This summer has been one of the best for sports fans in recent memory. The World Cup has been a resounding success, uniting a nation, we have also had an unpredictable Wimbledon, with arguably the greatest players of all time, Serena Williams and Roger Federer, continuing to defy the odds and push into the second week without too much of an issue. We have therefore had a deeper look into some of the all time great sporting brands and some of their history that took them to the top of their game. Check it out below.
From humble beginnings in 1920’s Germany making shoes, Adolf Dassler’s company has grown into a behemoth in both sportswear and fashion. The iconic three stripes logo has graced sporting teams and stars across the world. The continuous evolution of the brand in the fashion world can be seen in the Adidas Originals collections and the collaborations with well known and established individuals, not just in sport but in all aspects of stardom. The brands desire to continue to innovate their products and fabrics shows that the brand will remain a power house in all aspects of the sporting and fashion worlds. This seasons collection is once again a mixture of classic Adidas designs and new innovations.
The pioneer of the polo shirt Rene Lacoste’s brand is synonymous with tennis. The man named the crocodile, the inspiration for the logo, was the first man to wear branded clothing and lead the way for brands to start promoting themselves in this way. Now a massive worldwide clothing brand they can been seen more in the fashion world than a sporting one, however they still retain their roots in tennias seen in a collab with Novak Djokovic and have never veered from their iconic logo in homage to their founder.
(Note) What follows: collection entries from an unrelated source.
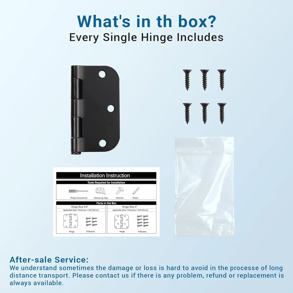 Store New Arrivals Add to Favorite View Feedback Contact 3 Pack Matte Black Door Hinges 3.5" X 3.5" Heavy Duty Door Hinge with Black Finish, Interior Door Hinges, 5/8" Radius Corners Description Unit Count 3 Count Hole Count 3 Mounting Type Door Mount Material Metal Material Type Metal Finish Types Painted Finish Type Painted Product Dimensions 3"L x 2"W Item Dimensions L x W 3"L x 2"W Size 3 Pack DURABLE & STABLE: Thanks to KNOBWELL own factory and QC department, our matte black door hinges are long-lasting and rust-proof with smooth and convenient daily use, absolutely distinguished addition to any home. QUICK & EASY INSTALL: Install your hinges in a flash. These hinges are easy to install, all you need is a screwdriver and you can easily install it in minutes! SPECIFICATIONS: Size: 3-1/2 inch X 3-1/2 inch; Corners: 5/8 inch Radius; Finish: Black; Material: High-Grade Quality Metal, solid and thick. Our interior black door hinges can be rotated 270 degree without making noise, suitable for bedroom, bathroom, guestroom, office and any place where quietness is needed. APPLICATIONS: These round door hinges 3.5 in could be mounted on interior doors like cabinet, dresser drawer, wardrobe wooden door, shed windows, shed hardware, shutters, skylights, vents, flower boxes, etc. for all kinds of outdoor buildings such as sheds, playhouses, animal shelters and more. QUALITY PACKAGING: Each hinge is individually packaged, 6 mounting screws and detailed installation instruction are also included. Believe in KNOBWELL and we will offer you 100% satisfaction. Product Description KNOBWELL door hinges are proof-positive that fashion and function can peacefully and beautifully co-exist. From timeless elegance to striking modernity, our door hinges fit and accentuate virtually any decor. Naturally, they're also designed, crafted and tested to ensure durability. Our Premium Quality door hinge is an ideal decorative accessory, professionally designed to perfectly compliment a wide range of contemporary and modern residential and commercial interior doors. KNOBWELL Matte Black Door Hinges Outstanding door hinges that made of premium quality metal, used for a long life span; Functional hardware solution that fit well with most popular decorative hardware collections; Could be mounted on shed windows, shed hardware, shutters, skylights, vents, flower boxes, etc. for all kinds of outdoor buildings such as sheds, playhouses, animal shelters and more. Multiple options of packs that you can choose from according to your needs. (1 pack means 1 individual hinge) Easy Installation Include all the hardware accessories you need, making it an ideal solution for kitchen and vanity installations. Product Specification Finish: Matte Black Material: Cold Rolled Steel Dimension: 3-1/2 x 3-1/2 Inch Corners: 5/8 Inch Radius Water Proof & Anti Rust Premier Quality Smooth & Durable Construction Reliable Strength Easy Installation Quiet & Beautiful ABOUT US We offer the best prices around on high quality products. Our E-store includes media such as books, movies, music and games while offering electronics, toys, sporting apparel, clothing, tools, general home, garden items and more. SHIPPING We are always working hard to ensure your package arrives as soon as possible. Please understand that some factors like weather, high postal traffic, and the performance of shipping companies are outside of our control. We offer free shipping to the lower 48 states and ship within 2 business days of payment, usually sooner. We do not accept P.O. Boxes. Please provide a physical address. For shipping outside of the continental USA, we only use eBay's Global Shipping Program.The item is shipped to KY and then sent to the rest of the world. International customers are responsible for all duties and taxes. Continue to check out in order to calculate costs for shipping the item to your country. Messages regarding eBay's Global Shipping Program MUST be directed at eBay EXCLUSIVELY. RETURNS We offer a 30-Day Return Policy on items which you are not completely satisfied with. You have the option for a full-refund or an exchange of the item. No returns are available on items shipped outside of the USA. PAYMENT We accept PayPal. CONTACT US This page content is yet to come Please ad us to your favorite seller and visit again later Thank You CUSTOMER SATISFACTION We try our very best to make sure every customer is completely satisfied. If there's a problem, message us! We're happy to help. WE ACCEPT Copyright © 2021 AutoDS. | All Rights Reserved
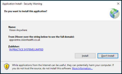 1. Once step 1 is complete, the first time you log in to the workstation and launch Vision Anywhere by double clicking Vision Anywhere , an Application Install - Security Warning displays asking if you want to install the application:
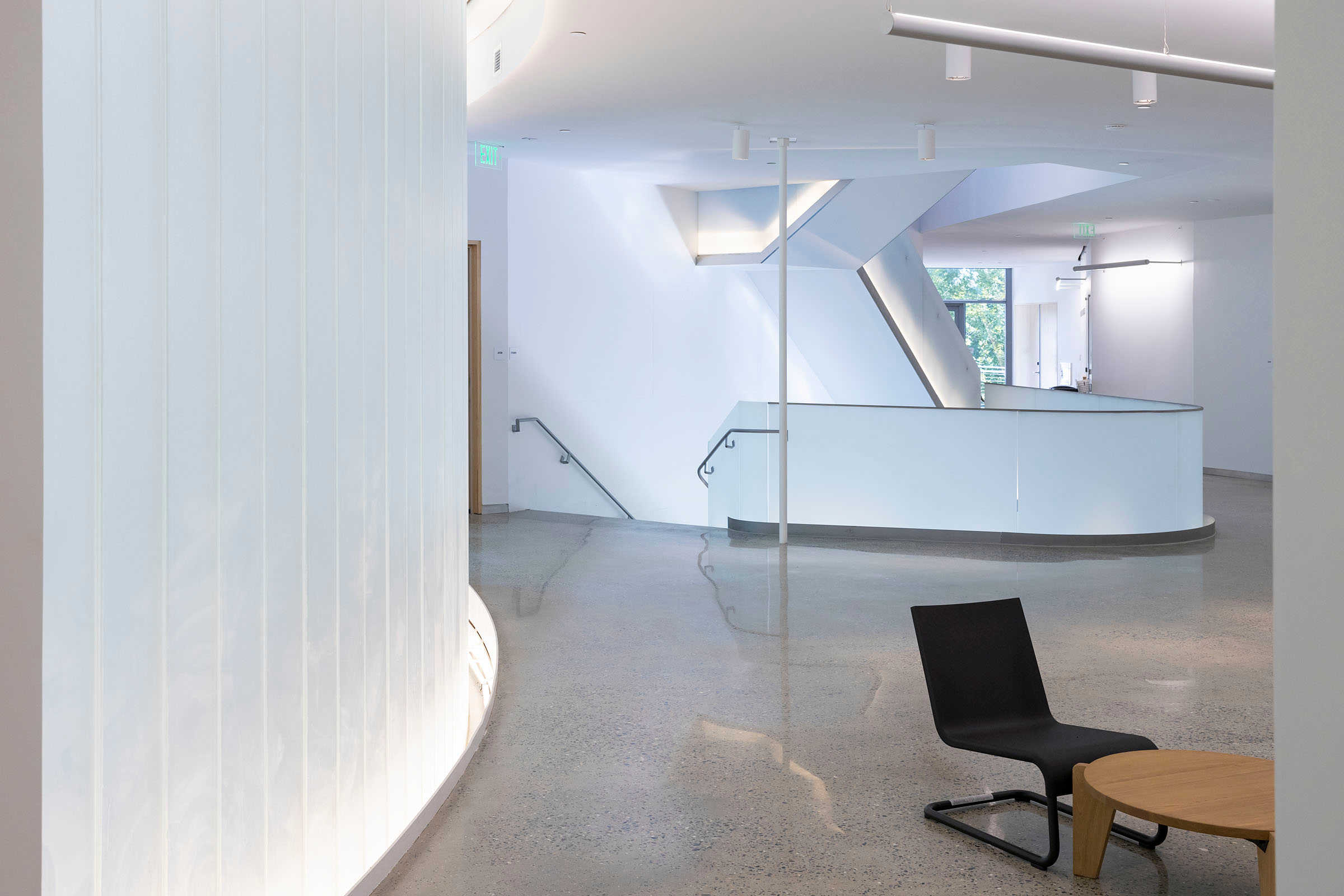 Exterior lighting was designed to amplify the unique character of the building, enhancing the elevated structure to create the impression of a floating volume. The lighting was precisely calibrated to express the blue underside of the cantilevered upper levels and reinforce the reading of the building’s concave curves.
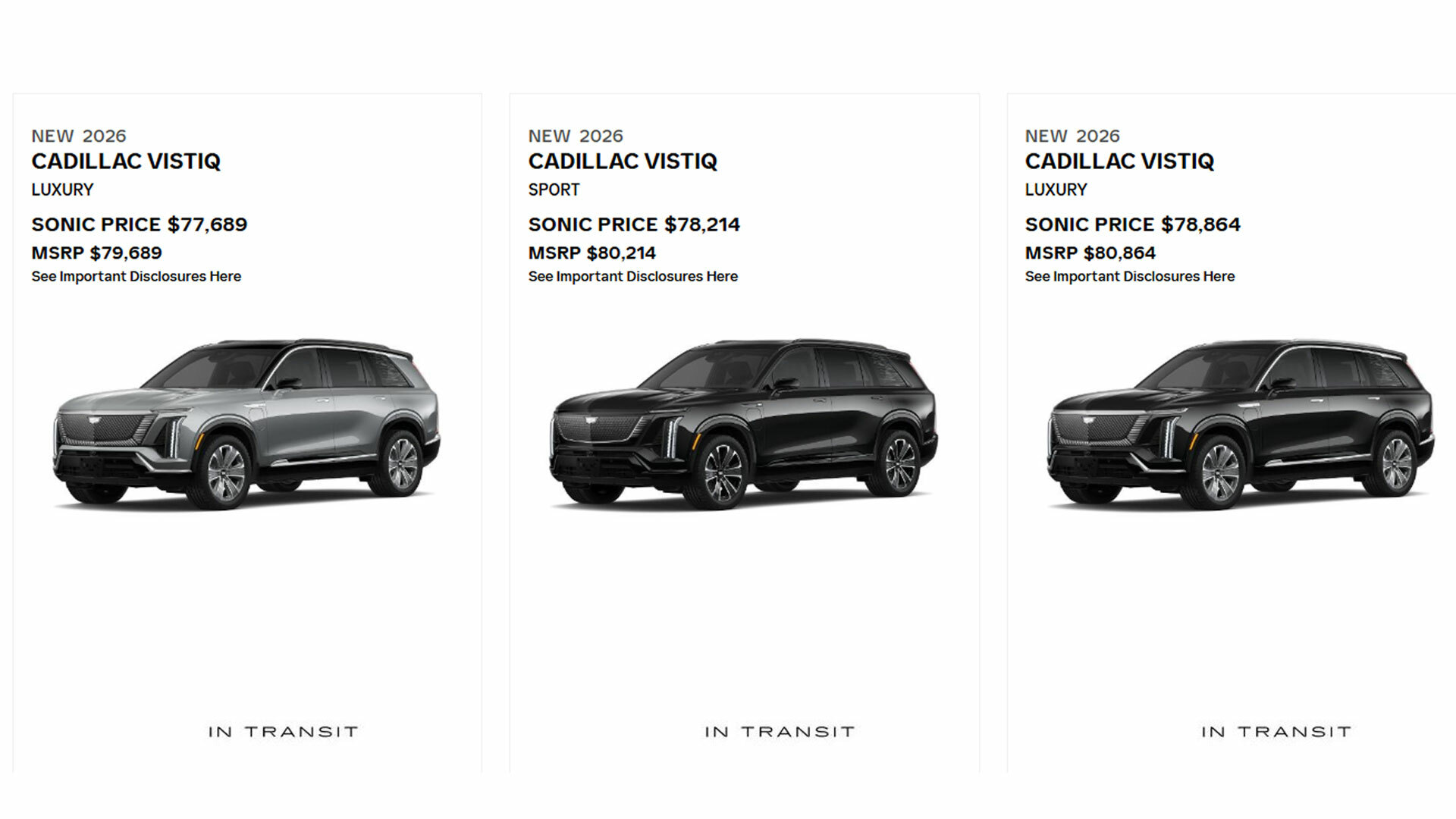 While most seem to be sticking to MSRP, Cadillac of Las Vegas has three crossovers listed for $2,000 below sticker. It’s a similar story at Mount Kisco Cadillac in New York, which has their $80,215 Vistiq Luxury listed for $78,215.

Whilst in a more fashion space they still base many of the collections around the iconic polo shirt, the L1212, in a number of different colourways.
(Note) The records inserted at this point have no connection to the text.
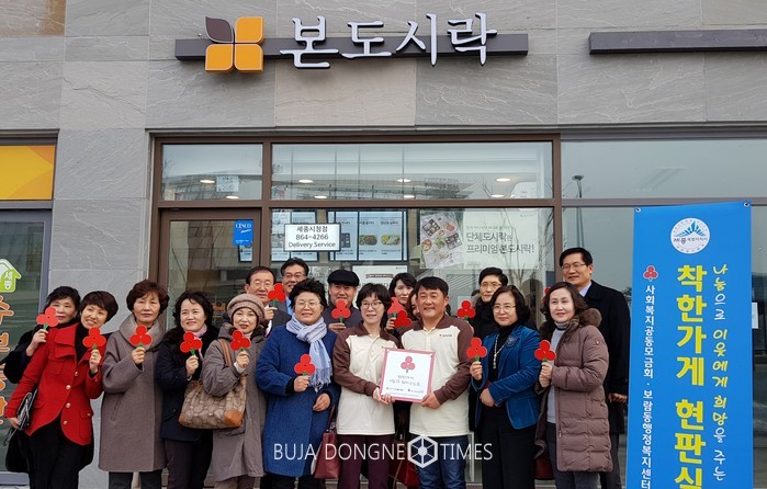 [부자동네타임즈 이소정기자]본도시락 세종시청점(대표 천경하)은 17일 ‘나눔으로 이웃에게 희망을 주는 착한가게’ 현판식을 갖고, 세종사회복지공동모금회와 연계한 보람동 ‘착한가게’에 동참했다.
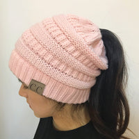 Chunky Cable Knit High Bun Ponytail Beanie Hat
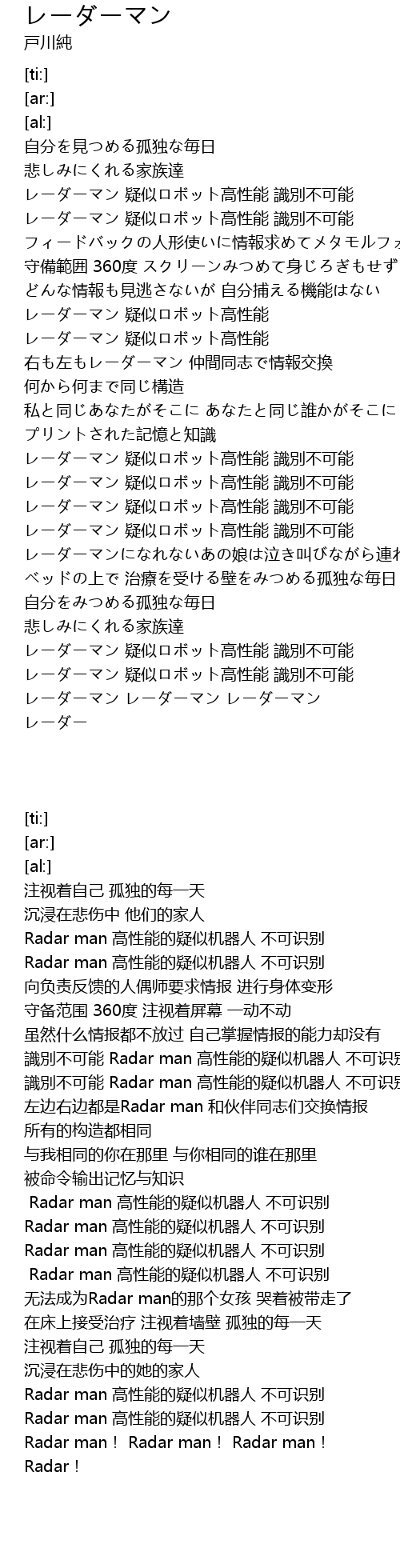 | [01:03.72] | 識別不可能 Radar man 高性能的疑似机器人 不可识别 |

A British Tennis icon, Fred Perry, lead the innovation of the polo shirt after Rene Lacoste’s original idea and design. The use of a pique cotton in the creation of the Fred Perry polo shirt not only made them a hit on the tennis court they also became a symbol of the 60’s mod culture. The Laurel Wreath logo, based on the original Wimbledon crest, has been seen throughout the years on the nuemerous British subcultures, something the brand has played on with their collaborations over the years. The latest one with Miles Kane, a stand out figure in the Indie Rock scene had massive traction throughout the menswear world.